Code: 103795 ECTS Credits: 6
Degree Type Year Semester
2500895 Electronic Engineering for Telecommunication FB 1 2
2500898 Telecommunication Systems Engineering FB 1 2
The proposed teaching and assessment methodology that appear in the guide may be subject to changes as a result of the restrictions to face-to-face class attendance imposed by the health authorities.

Contact

Name:
Laia Saumell Ariņo
Email:
Laia.Saumell@uab.cat

Use of Languages

Principal working language:
catalan (cat)
Some groups entirely in English:
No
Some groups entirely in Catalan:
Yes
Some groups entirely in Spanish:
No

Teachers

Enric Nart Viņals
Laia Saumell Ariņo
Joan Bosa Puigredon

Prerequisites

No prerequisite is set. It would be good for the student to have assimilated  the concepts rational number, real number, and complex number. It is also advisable to know some method of solving systems of linear equations.

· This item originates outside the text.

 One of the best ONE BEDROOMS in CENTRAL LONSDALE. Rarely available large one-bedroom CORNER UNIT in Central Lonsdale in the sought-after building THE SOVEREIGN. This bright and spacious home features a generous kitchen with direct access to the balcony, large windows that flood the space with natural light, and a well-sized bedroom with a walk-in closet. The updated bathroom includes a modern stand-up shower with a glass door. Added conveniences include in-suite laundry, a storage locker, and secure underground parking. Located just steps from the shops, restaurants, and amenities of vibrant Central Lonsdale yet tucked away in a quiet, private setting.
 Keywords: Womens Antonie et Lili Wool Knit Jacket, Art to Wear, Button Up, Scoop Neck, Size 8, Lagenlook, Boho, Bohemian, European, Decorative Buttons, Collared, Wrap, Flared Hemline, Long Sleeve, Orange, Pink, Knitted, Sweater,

Objectives and Contextualisation

(Google tranlation) This is an introduction to the most basic aspects of linear algebra, emphasizing the most functional and instrumental aspects of linear techniques.

A fundamental objective is to achieve an agile and efficient transition between the three following levels of knowledge:
 
the abstract knowledge of a mathematical concept related to linear phenomena
Deepening in the knowledge of the same concept from its practical manipulation "manual"
Deepening the knowledge of the same concept from its practical manipulation with a computer.
 
The most important fund objective is to learn to design efficient strategies to apply specific techniques to solve complex problems.

Competences

    Electronic Engineering for Telecommunication
  • Communication
  • Develop personal attitude.
  • Develop personal work habits.
  • Develop thinking habits.
  • Learn new methods and technologies, building on basic technological knowledge, to be able to adapt to new situations.
  • Perform measurements, calculations, estimations, valuations, analyses, studies, reports, task-scheduling and other similar work in the field of telecommunication systems
  • Work in a team.
    Telecommunication Systems Engineering
  • Communication
  • Develop personal attitude.
  • Develop personal work habits.
  • Develop thinking habits.
  • Learn new methods and technologies, building on basic technological knowledge, to be able to adapt to new situations.
  • Perform measurements, calculations, estimations, valuations, analyses, studies, reports, task-scheduling and other similar work in the field of telecommunication systems.
  • Work in a team.

Learning Outcomes

  1. Analyse measurements in the area of engineering, using statistical tools to extract and understand information.
  2. Analyse measures in the area of engineering, using statistical tools to extract and understand information.
  3. Apply, in the problems that arise in engineering, knowledge about linear algebra, geometry, differential geometry, differential and integral calculus, differential and partial derivative equations, numerical methods, numerical algorithms, statistics and optimisation.
  4. Apply, to the problems that arise in engineering, knowledge of linear algebra, geometry, differential geometry, differential and integral calculus, differential and partial derivative equations, numerical methods, numerical algorithms, statistics and optimisation.
  5. Communicate efficiently, orally and in writing, knowledge, results and skills, both professionally and to non-expert audiences.
  6. Develop curiosity and creativity.
  7. Develop scientific thinking.
  8. Develop the capacity for analysis and synthesis.
  9. Manage available time and resources.
  10. Manage available time and resources. Work in an organised manner.
  11. Model systems and analyse their features.
  12. Resolve the mathematical problems that can arise in engineering.
  13. Work autonomously.
  14. Work cooperatively.

Content

I. Matrices

  1. Commutative fields. Marrices. Operations with marices. Special matrices: symmetric, Toeplitz, circulant, invertible, hermitian, orthogonal.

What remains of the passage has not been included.